9. A method of preparing for fingerprint image processing, comprising the steps of:
(a) providing a fingerprint image processing apparatus comprising a means for imaging having a contact surface adapted to receive a finger thereon, and a drying means mounted on said imaging means in proximity with said contact surface, said drying means adapted for removing moisture from said contact surface or from a finger which is in proximity with said contact surface by directing a flow of air across the said contact surface; and
(b) exhausting a flow of air from said drying means so as to evaporate moisture from said contact surface.
2. An apparatus of claim 1 wherein said drying means comprises a means for supplying said air flow across said contact surface.
3. An apparatus of claim 2 wherein said apparatus further comprises a fan attached to said imaging means, wherein said means for supplying air flow comprises a tube connected to said fan and having at least one aperture positioned so as to exhaust a flow of air therefrom in the direction of said contact surface.
4. An apparatus of claim 3 wherein a volumetric flow rate of said flow of air is about 25-30 cubic feet per minute.
5. An apparatus of claim 3 wherein a surface area of said contact surface is about 6-16 square inches.
6. An apparatus of claim 3 wherein said at least one aperture is a slit which is rectangular in shape.
7. An apparatus of claim 6 wherein said slit has a length of about 1-4 inches and a height of about 1/2-1/4 inches.
8. An apparatus of claim 1 wherein said moisture comprises human perspiration.
10. The method of claim 9, wherein said moisture comprises human perspiration.
11. The method of claim 9, wherein a volumetric flow rate of said flow of air is about 25-30 cubic feet per minute.
12. The method of claim 11, wherein said evaporation is accomplished during a period of time which is less than about three seconds.
14. An appartus of claim 13 wherein the fluid flow directing means comprises an air flow directing structure which can be used to direct a flow of air across said contact surface.
15. An apparatus of claim 14 wherein the fluid flow directing means further comprises a fan connected to said imaging means and wherein the air flow directing structure comprises a tube in fluid connection with said fan and having an aperture positioned so as to exhaust a flow of air therefrom in the direction of said contact surface.

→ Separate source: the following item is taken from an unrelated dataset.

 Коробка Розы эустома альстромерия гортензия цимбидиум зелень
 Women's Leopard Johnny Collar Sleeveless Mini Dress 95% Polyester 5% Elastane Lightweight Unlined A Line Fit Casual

This is a continuation of application Ser. No. 07/614,390 filed Nov. 15, 1990, now abandoned.

This invention relates generally to a fingerprint image processing apparatus, and more particularly to an apparatus and a method for removing moisture from contact surfaces of such apparatus, or from the finger of a subject to be imaged, or from both.

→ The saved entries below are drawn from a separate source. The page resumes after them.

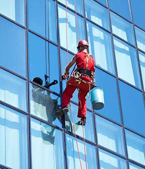 Альпинистами компании осуществляется мытье фасадов зданий, окон после ремонта с помощью различных современных средств: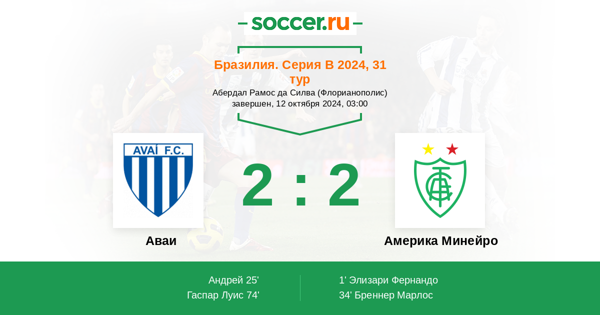 34' (1:2) Бреннер Марлос (9) (Родригиньо (75))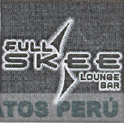 El logotipo conformado por la denominación FULL SKEE escrita en letras características, debajo se aprecia la denominación LOUNGE BAR escrita en letras características (sin reivindicar) y en el fondo se observan dos figuras geométricas irregulares, todo en los colores blanco y negro; conforme al modelo adjunto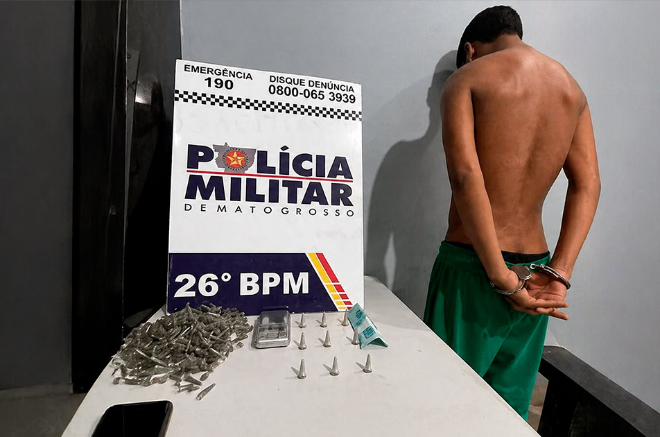 Policiais militares da Força Tática do 2º Comando Regional prenderam, nesta segunda-feira (6.10), três homens por porte ilegal de arma de fogo e tráfico ilícito de drogas, no bairro Jardim Novo Horizonte, em Várzea Grande. Um dos detidos possuía mandado de prisão em aberto. As equipes apreenderam um revólver, munições, diversas porções de maconha e pasta base de cocaína.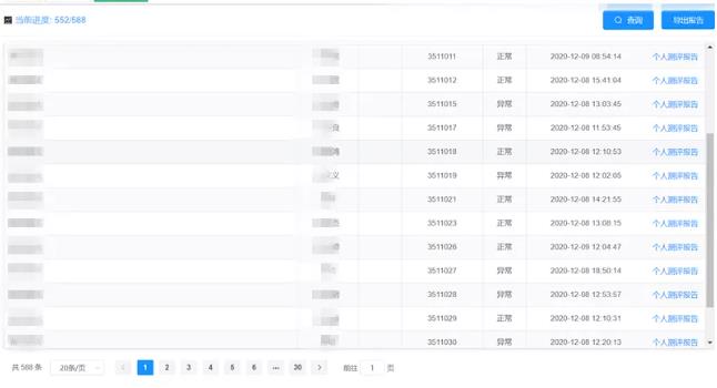 通過心理測(cè)評(píng),可以在后臺(tái)查看心理測(cè)評(píng)報(bào)告,并過濾篩選出測(cè)評(píng)報(bào)告異常的人員,這些人員即為心理危機(jī)預(yù)警的人員,需要重點(diǎn)關(guān)注和輔導(dǎo)。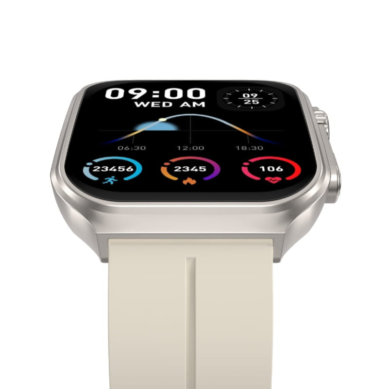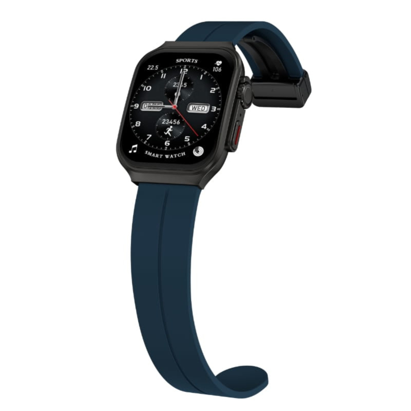 om ecrã curvo 3D de 2,01”, correia de silicone intercambiável e sensores de frequência cardíaca e SPO2, oferece monitorização contínua num design elegante e confortável.

Originally, fingerprinting was done by inking a suspect's finger and applying the inked finger to paper. As can be readily understood, fingerprint information in this form was difficult to use. Making a fingerprint match was an extremely time-consuming task. Digital technology significantly advanced the art of fingerprinting. Inked images could be scanned, the image digitalized and recorded in a manner that could later be searched in a reasonably expeditious manner by computer. Problems arose, however, due to the quality of inked images. Over- and under-inking resulted in blurred or vague images, thus rendering the digitalized information useless. Further, the process of scanning an inked image was relatively time consuming.

These and other problems led to "live scanning." According to live scanning techniques, the fingerprint of a suspect is scanned directly from the suspect's finger, as opposed to being scanned from an inked image of the print. More specifically, live scans are those procedures which capture fingerprint ridge detail in a manner which allows for the immediate processing of the fingerprint image with a computer. Original work in the field dates back to original patents filed in 1964 concerning techniques used to capture high contrast images of fingerprint for photographic or digital capture of fingerprints.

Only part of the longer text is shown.